Toward Relative Positional Encoding in Spiking Transformers

January 28, 2025 · Declared Dead · 🏛 arXiv.org

"No code URL or promise found in abstract"

Evidence collected by the PWNC Scanner

Authors Changze Lv, Yansen Wang, Dongqi Han, Yifei Shen, Xiaoqing Zheng, Xuanjing Huang, Dongsheng Li arXiv ID 2501.16745 Category cs.NE: Neural & Evolutionary Citations 2 Venue arXiv.org Last Checked 4 months ago

Abstract

Spiking neural networks (SNNs) are bio-inspired networks that mimic how neurons in the brain communicate through discrete spikes, which have great potential in various tasks due to their energy efficiency and temporal processing capabilities. SNNs with self-attention mechanisms (spiking Transformers) have recently shown great advancements in various tasks, and inspired by traditional Transformers, several studies have demonstrated that spiking absolute positional encoding can help capture sequential relationships for input data, enhancing the capabilities of spiking Transformers for tasks such as sequential modeling and image classification. However, how to incorporate relative positional information into SNNs remains a challenge. In this paper, we introduce several strategies to approximate relative positional encoding in spiking Transformers while preserving the binary nature of spikes.

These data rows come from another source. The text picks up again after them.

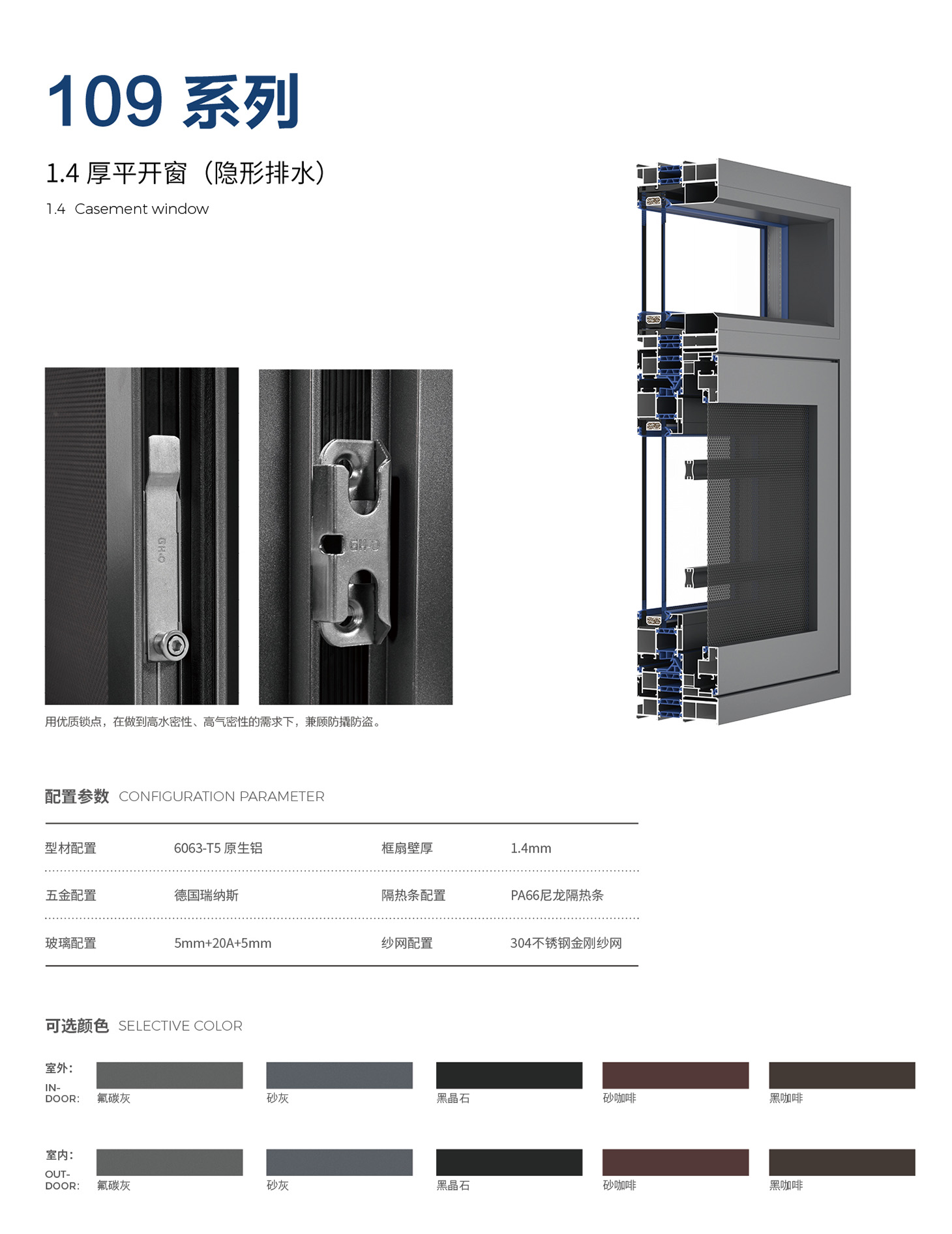 FGS-002(109系列 1.4厚平开窗(隐形排水))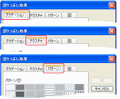 - [書式]→[背景]→[塗りつぶし効果]にあるタブ[グラデーション][テクスチャ][パターン]の全ての効果はご使用になれません。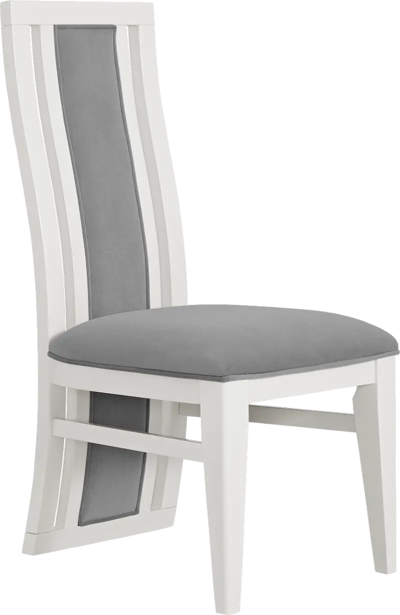 Solidly built, this side chair is finished in a high-sheen white with a gray upholstered seat and backrest. Subtle curves on the elongated backrest further enhance its sleek, eye-catching charm.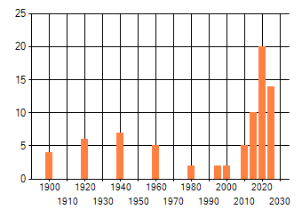 Het aantal atlasblokken (5x5 km) waarin de soort is gemeld binnen een periode van vijf jaar (vanaf 1980) of twintig jaar. Niet gecorrigeerd voor waarnemersinspanning en het aantal doorgegeven waarnemingen kan sterk variëren per periode, dus een trend in verspreiding kan hier niet direct uit worden afgelezen. Het opgegeven jaartal is het eerste jaar van de periode. Bron: gevalideerde waarnemingen uit de NDFF.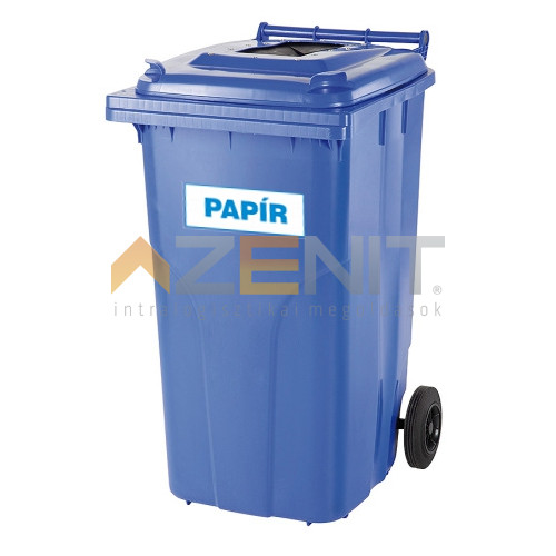 Mobil hulladékgyűjtő konténer 240 literes papír gyűjtésére alkalmas fedéllel kék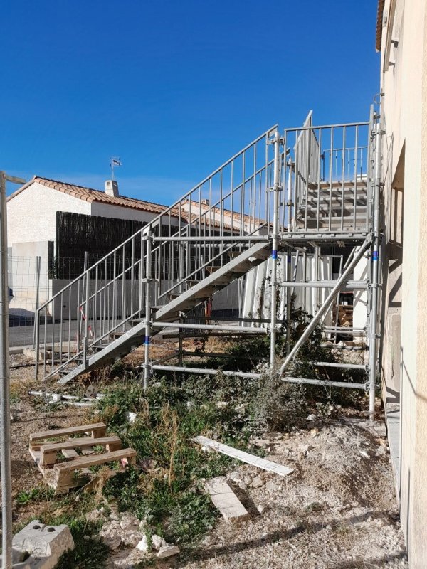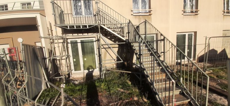 Escalier d'occasion CRABESCAL actuellement utilisé comme issue de secours en phase transitoire de chantier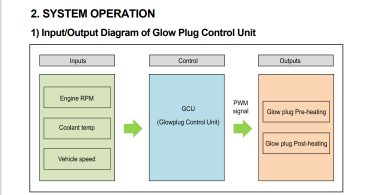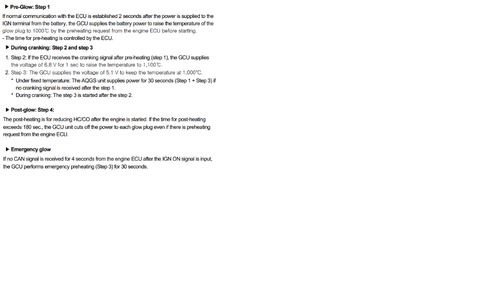 It has a glow plug controller unit (CGU) which is able to comunicate with ECU through CAN protocol. According to description and operation in service manual, they both share information (vehicle speed, coolant temp and engine RPM (see CGU system operation file) to set glow plug voltage and time in three different stages (preheating, cranking and postheating). CGU "knows" when to preheat glow plugs by an ignition signal (see CGU steps file) with a huge amount or current (20 amps) for 2 seconds and then about 10 amps average (PWM) for about 30 seconds.
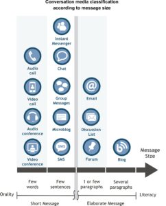 In this book conversation media was distributed over a spectrum according to the expected response time. Kock (2004) did something analogous by comparatively characterizing these media according to their similarity with face-to-face conversation, a criterion she calls “media naturalness”. Since pre-historical times, mankind is biologically adapted to communicate face-to-face, so the bigger the difference between a conversation medium and face-to-face communication, the more obstacles to communication this medium will present, because it will demand more cognitive effort from interlocutors, and, thus, the lesser naturalness it will have. The most natural conversation media are the ones closest to a face-to-face conversation, with video call and videoconference being the most natural of all, because they allow speech, gestures and looks to be conveyed. Asynchronous conversation media that require the use of written language and elaborate messages (such as emails or blogs) are less natural than synchronous media (such as instant messengers), which present quicker responses and language that is more informal and has characteristics of orality that are closer to face-to-face conversation. Moreover, from our point of view, the naturalness of media is related to the expected response time that characterizes the conversation synchronism: the longer the average response time, the more elaborate and literate, and the less natural, the discourse.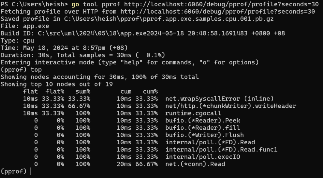 go tool pprof http://localhost:6060/debug/pprof/profile?seconds=30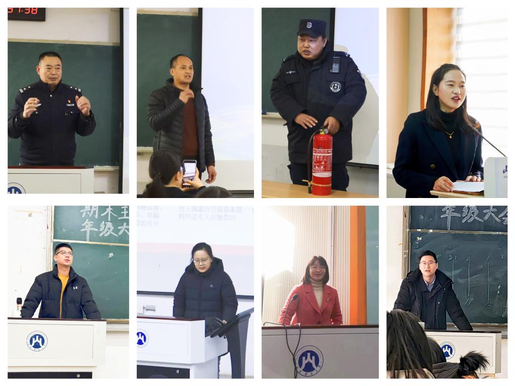同时,学院还组织了安全主题教育讲座、安全工作座谈会和主题班会等活动。12月12日学院在校党委保卫部、安全管理处的支持下,邀请舜玉派出所所长孙全修、校党委保卫部刘慧勇等专业人员为学生讲解人身、财产安全知识,并通过线上同步直播,组织学院圣井校区学生广泛参与;各年级辅导员也积极行动,在12月16日至24日开展了包括安全教育、学风建设等内容的主题班会,进一步增强学生的安全意识和自我保护能力。

Firstly, we formally prove that encoding relative distances with Gray Code ensures that the binary representations of positional indices maintain a constant Hamming distance whenever their decimal values differ by a power of two, and we propose Gray-PE based on this property. In addition, we propose another RPE method called Log-PE, which combines the logarithmic form of the relative distance matrix directly into the spiking attention map. Furthermore, we extend our RPE methods to a two-dimensional form, making them suitable for processing image patches. We evaluate our RPE methods on various tasks, including time series forecasting, text classification, and patch-based image classification, and the experimental results demonstrate a satisfying performance gain by incorporating our RPE methods across many architectures. Our results provide fresh perspectives on designing spiking Transformers to advance their sequential modeling capability, thereby expanding their applicability across various domains.